The Shakespeare Conference: SHK 15.0101  Wednesday, 14 January 2004

From:           Gabriel Egan <This email address is being protected from spambots. You need JavaScript enabled to view it.>
Date:           Tuesday, 13 Jan 2004 13:44:31 -0800
Subject: 15.0088 Important Changes to the World Shakespeare
Comment:        Re: SHK 15.0088 Important Changes to the World Shakespeare
Bibliography

Chris Kelsey raised an important point about formats:

 >. . . when we publish electronically we publish not
 >just in the language for the reader but the electronic
 >language (which will exist only as long as its producer
 >deems it profitable or computer systems read it)
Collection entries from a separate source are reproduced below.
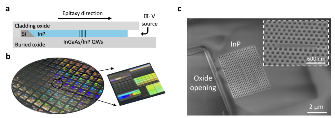 硅基单片集成:在金属有机物化学气相沉积系统(MOCVD)中,基于商业 SOI 外延模板开展与硅波导层共平面的水平侧向选区外延,实现硅基高质量InP薄膜晶圆级生长。生长得到的磷化铟薄膜上下由氧化硅包裹,无需悬空结构即可实现强光场限制,大幅提高了器件的结构稳定性。化合物半导体与硅层共平面等厚度,易于实现二者间高效光耦合。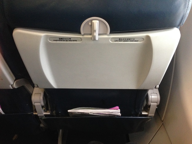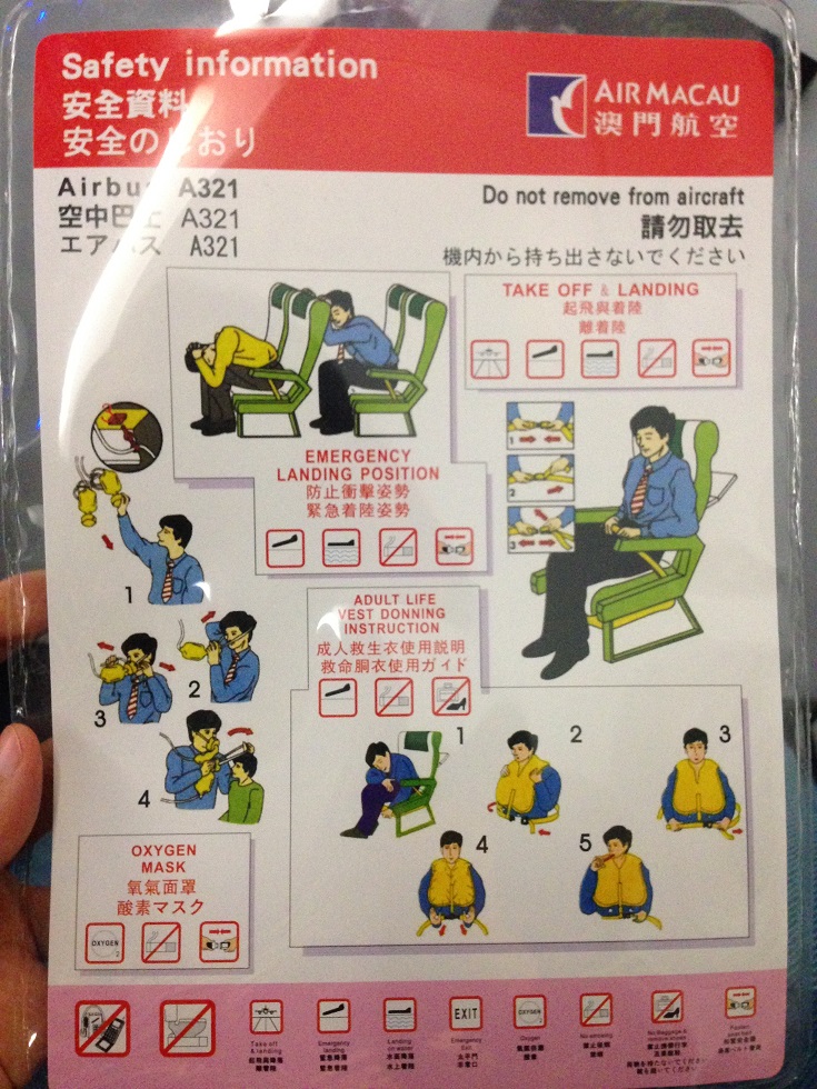 ส่วนเราโชคดี แอร์กราวน่าจะออกตั๋วที่นั่งซ้ำกับคนมาเก๊า แอร์บนเครื่องแก้ปัญหาโดยเชิญเรา ย้ายที่นั่งจาก Economy Class ไป Business Class แบบงงๆ นั่งติดประตูทางออกเลย ^^ (แอบกรี๊ดในใจ)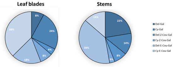 Our analyses have shown that the anthocyanin content in leaf blades is almost two-fold higher compared to the stems of cultivar TRI 2043. Additionally, the distribution of the delphinin and cyanidin species varies between the stems and leaf blades, as shown in Figure 4. Stems exhibited a higher tendency towards delphinidin, with delphinidin derivates representing 69.6% of the total anthocyanins. Conversely, the leaf blades contained more cyanidin derivates, accounting for 69.8% of the total anthocyanin content. The distribution of anthocyanins in the “Sunrouge” green tea cultivar also demonstrates a higher abundance of delphinidin species in all analyzed plant parts, ranging from 71.9% in the first leaf to 88.9% in the stem [13]. On the other hand, the “Zijuan” tea cultivar from China exhibits a distribution that is almost similar to the leaf blades of cultivar TRI 2043, with 39% content of delphinidin and 49% content of cyanidin [9].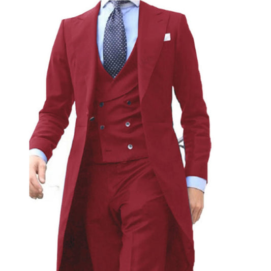 Long Coat Designs Chinese Red Men Suit Gentle Mens

Languages in general exist only so long as groups of users maintain and
pass on their ability to understand them. In the case of electronic
languages, however, there are certain secrets. The 'language' in which a
Microsoft Word document is written, in the sense of the relationship
between what the user types and what the machine stores as noughts and
ones, is known to very few people. Microsoft considers it a trade secret
and will share it only with manufacturers of software that complements
its own products. Microsoft has in the past changed this language and
will undoubtedly do so in the future. Microsoft claims that it always
maintains 'backward compatibility' so that old documents can be read by
new versions of the software, but this claim is false. (I have an old
document that I read with an old copy of Word kept solely to illustrate
this point; newer versions of Word garble it.)

Fortunately, there are alternatives. Millions of users understand the
Hypertext Markup Language (HTML) and there are thousands of software
packages that can read and write it. If the user does not like a
particular editing tool she can change it for another she prefers. There
is so much text already in HTML that the world is more likely to lose
some of its smaller spoken languages such as Irish and Welsh than it is
to lose its collective knowledge of HTML. In almost all documents and
hardware, underneath the HTML lies another language: the American
Standard Code for Information Interchange (ASCII). Nearly every computer
on the planet uses this 'language' (indeed you see it mentioned at the
top of recent SHAKSPER postings, for some reason) and there really isn't
a need to worry that computer manufacturers will stop using it.

In _Shakespeare and the Book_ David Scott Kastan counts amongst the
demerits of electronic text the sad fact that many of us can't read our
own electronic documents that we made in the late 1980s and early 1990s
(p. 131). Hardware failure aside, this only happens if we lock ourselves
into proprietary formats such as Microsoft Word and thereby give up
control of our documents.

Don't do that. Store your stuff in an open and free format such as HTML.
Future generations of readers and writers will thank you for it.